Just as I put the last popsicle sticks into the tunnel, I heard a car and Daddy drove up. He parked in front of the house and walked over to where I was working.
‘Hi, Peeps,’ he said, ‘What are you doing? Did you have a good day?’
‘Yeah, I’m burying the yoyo like you said.’
‘Good. It’s very dangerous to have that around. You must be careful of toys like that. This happened before, don’t you remember?’

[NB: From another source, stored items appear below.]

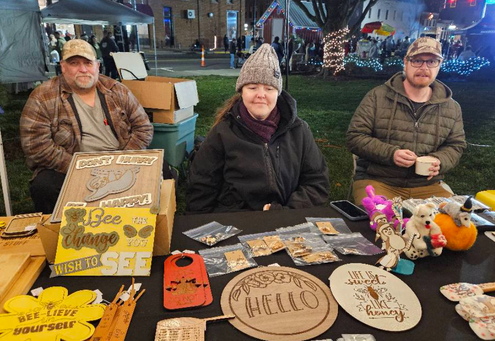 From left, Damon Fritzinger, Sky Earl and Dustin Earl brought a collection of items for sale to the Friday night celebration. Their products include handmade wood boxes and items made with an automated carving machine and accented with a touch of woodburning. Fritzinger is from Greencastle. The Earls live in Indianapolis. They said Friday marked the first time they were attempting to sell items at an event and were enjoying themselves. News Now Warsaw photo by Dan Spalding.
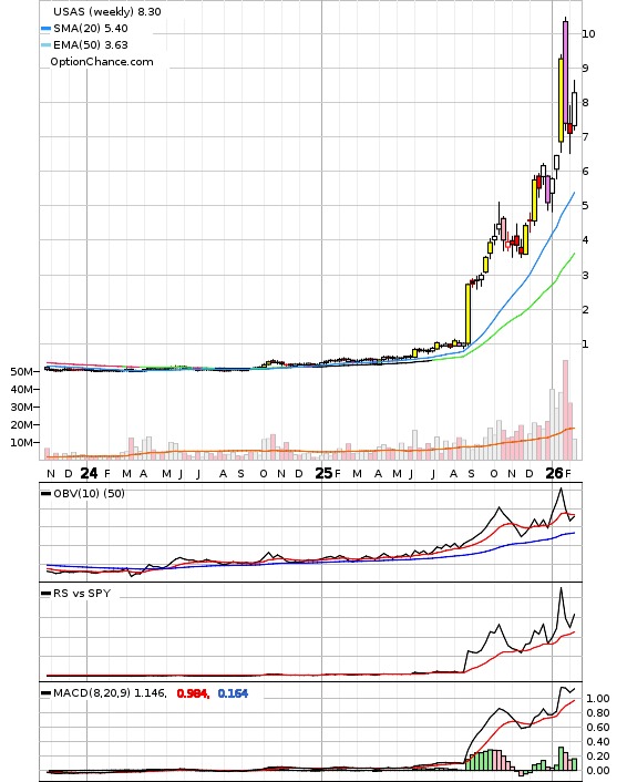 | USAS - Americas Silver Corp (Basic Materials: Silver) | Projected Earnings Date: 0000-02-29 (Delayed quote data 2026-02-10) |
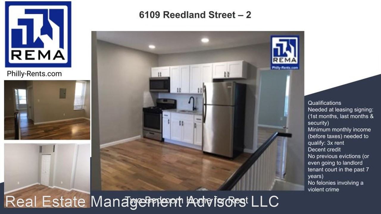 Breathtaking 2 Bedroom Apartment w/ NEW EVERYTHING for Rent - Welcome to 6109 Reedland St. This stunning apartment offers a perfect blend of privacy, modern amenities, and professional management. With its attractive features and convenient location, this rental is sure to meet your needs. Upon entering this spacious apartment, you'll notice that the bedrooms are located on opposite sides, ensuring optimal privacy for you and your roommate or family members. The unit comes equipped with stainless steel appliances, including a microwave, making meal preparation a breeze. The apartment boasts a fresh look with new paint, floors, cabinetry, and a fully renovated bathroom. To qualify for this rental, we require the following: at the time of lease signing, the first month's rent, last month's rent, and a security deposit are needed. Your monthly income (pre-tax) should be at least three times the rent amount. We also require decent credit and no previous evictions or involvement in landlord-tenant court cases within the past seven years. Additionally, we expect no felonies involving violent crimes. Real Estate Management Advisors, LLC - REMA Property Manager Servicing Commercial & Residential Properties in the Philadelphia area. Check out more properties for rent at http www reinfo411 com residential-properties-for-rent Like us on Facebook at https www facebook com REINFO411
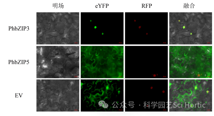 图5 PhbZIP3和PhbZIP5亚细胞定位

‘But I still don’t understand why I have to bury it,’ I said, putting the yoyo wrapped in banana skins all the way to the end of the gold mine tunnel.
‘I have told you, Peeps, that the glow-in-the-dark paint has a negative charge. It is like fluorescent light. Do you know the glass bulb I have in my car?’ Taped to the back window of his car, Daddy had a small glass vaccum bulb with a little vane-like propeller in it. On one side the vanes were white and on the other side they were black. He said it was a miniature model of an Orgone motor. I nodded. ‘Well, you know that Orgone Energy makes the propeller turn around. DOR slows it down. That is why it turns faster on bright days and slower on bad days. But it won’t turn at all under fluorescent light or the kind of glow-in-the-dark light of your yoyo. Rather than giving off energy, it draws it away, absorbs it, from living things.’